Pułkownika Nicholsona i jego jednostkę przewieziono nieco później niż innych i gdy przybyli do Syjamu, prace już się rozpoczęły. Po morderczym marszu pierwsze kontakty z nowymi władzami japońskimi nie były zbyt zachęcające. W Singapur mieli do czynienia z żołnierzami, którzy po pierwszym upojeniu triumfem – poza kilkoma, raczej rzadkimi, wybuchami pierwotnej dzikości – okazali się niewiele więcej barbarzyńscy niż zwycięzcy z Zachodu. Inną zdawała się być mentalność oficerów odkomenderowanych do konwojowania jeńców alianckich wzdłuż całej drogi koleją. Od samego początku zachowywali się jak okrutni dozorcy skazańców, gotowi w każdej chwili zmienić się w wymyślnych oprawców.

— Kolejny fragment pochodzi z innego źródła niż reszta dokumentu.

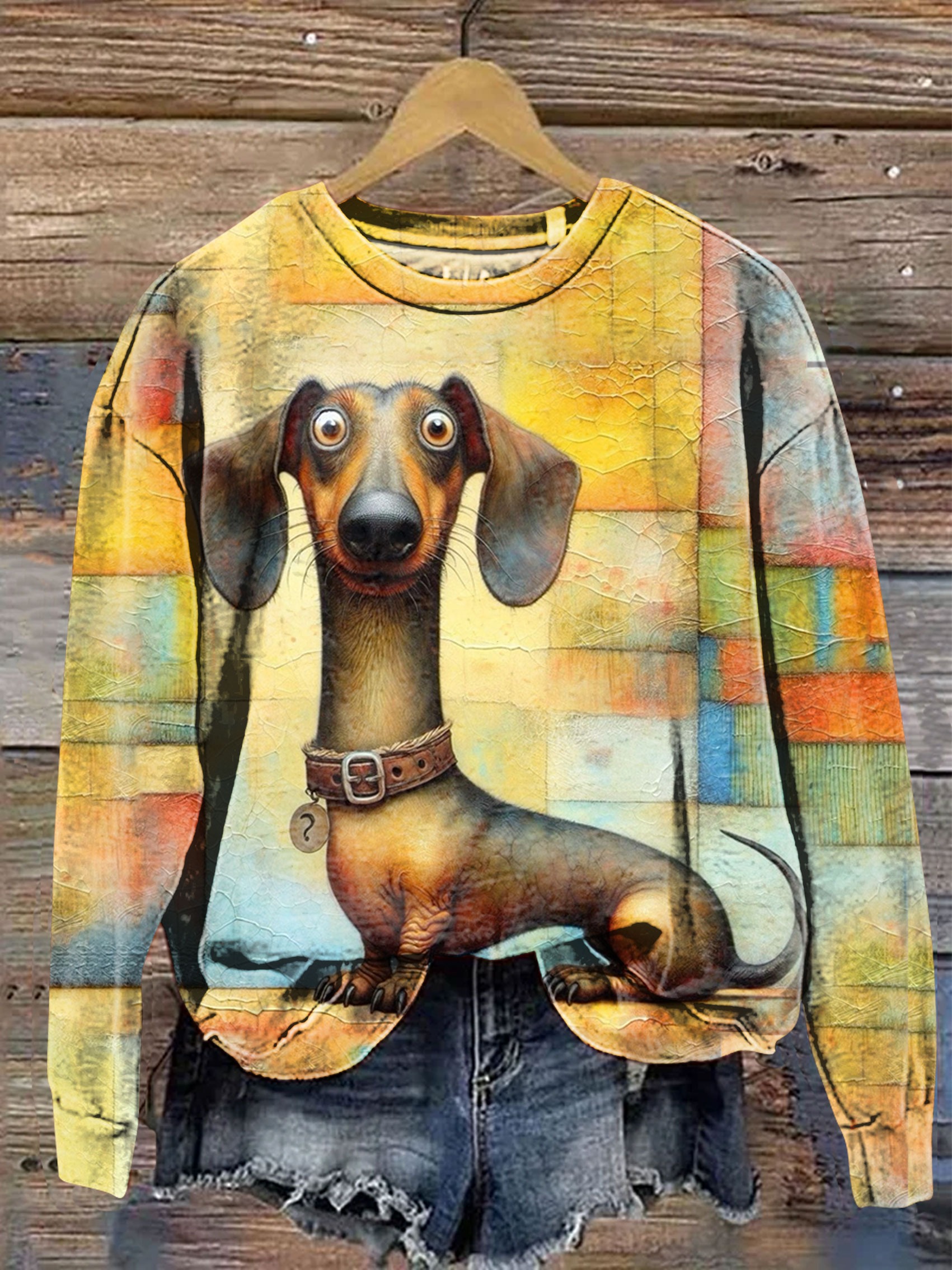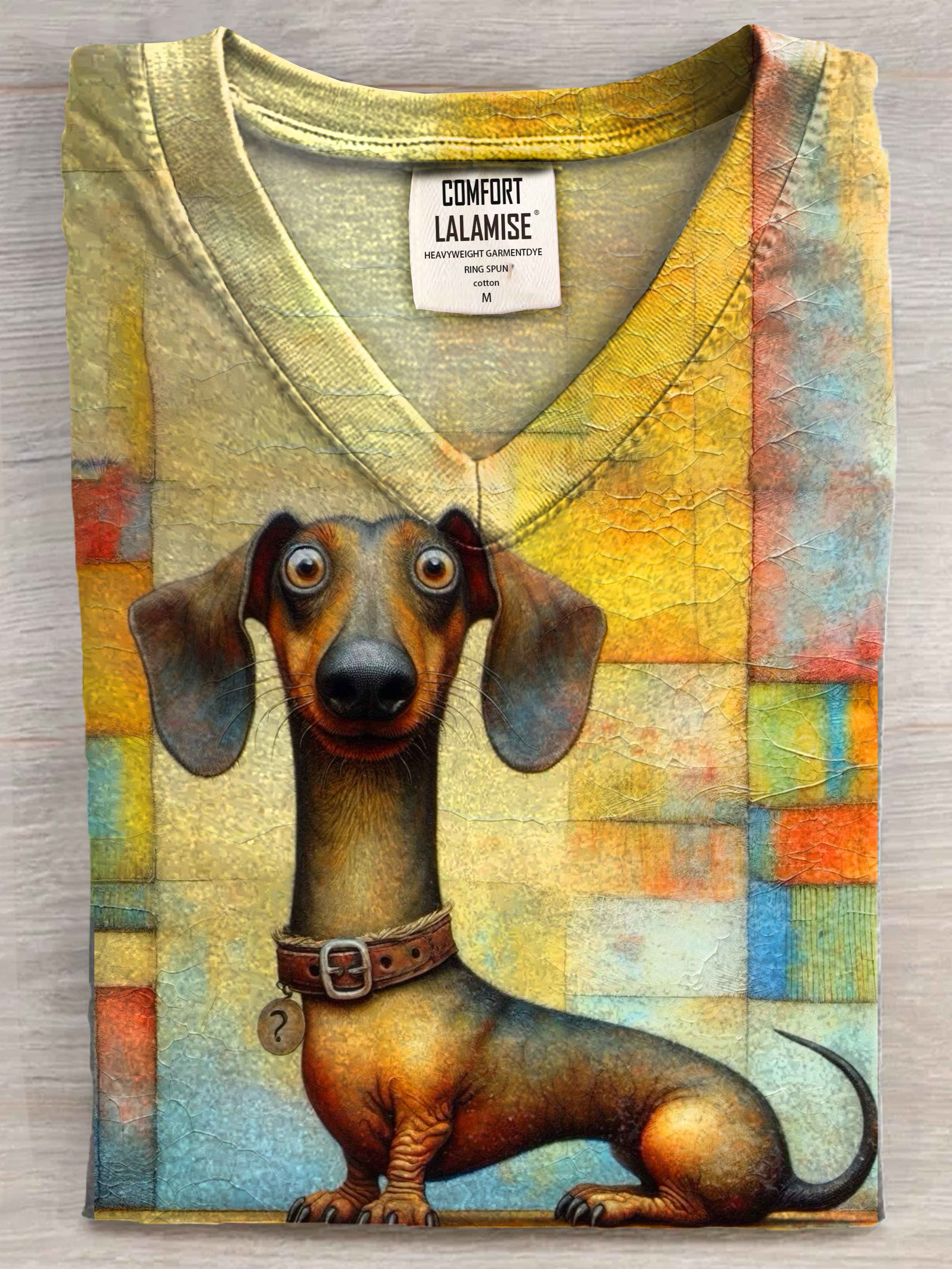 Vintage Dachshund Dog Art Print Casual Short Sleeve T-shirt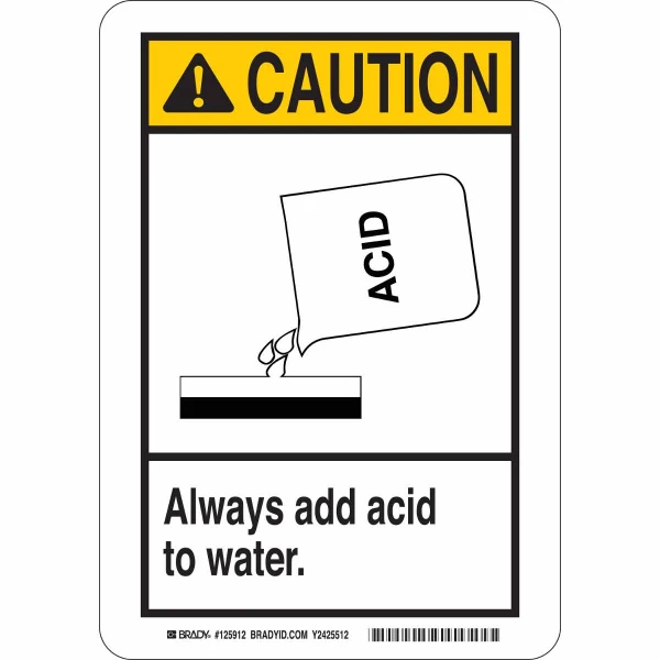 CAUTION Always Add Acid To Water Sign, 10" H x 7" W x 0.06" D, Polystyrene

Pułkownik Nicholson wraz z resztą swego pułku, którego dowództwem wciąż jeszcze się szczycił, został najpierw przeniesiony do ogromnego ośrodka, służącego za obóz przejściowy dla wszystkich konwojów. Część tego obozu służyła już jednak za kwatery stałe. Przebywali tam niedługo, ale i to wystarczyło, aby sobie zdali sprawę, czego się będzie od nich wymagać i w jakich warunkach będą musieli żyć aż do ukończenia pracy. Nieszczęśliwi pracowali jak juczne zwierzęta. Zadanie, które każdy miał do wykonania, nie byłoby może zbyt ciężkie na siły mocnego, dobrze odżywionego mężczyzny, lecz włożone na barki godnych litości, wynędzniałych istot, jakimi stali się w ciągu niecałych dwóch miesięcy, zmuszało ich do pracy od świtu do zmierzchu, a czasem i przez część nocy. Byli przemęczeni i przygnębieni wyzwiskami i ciosami, które spadały na ich grzbiety za najmniejsze uchybienie; żyli w ciągłej obawie znacznie straszliwszych kar. Ich stan fizyczny wstrząsnął Cliptonem. Malaria, dyzenteria, beri – beri, wrzody były zjawiskiem codziennym, a lekarz obozowy wyznał mu, że obawia się o wiele cięższych epidemii, przeciwko którym nie może zastosować żadnych środków zapobiegawczych. Nie posiadał bowiem najbardziej podstawowych lekarstw.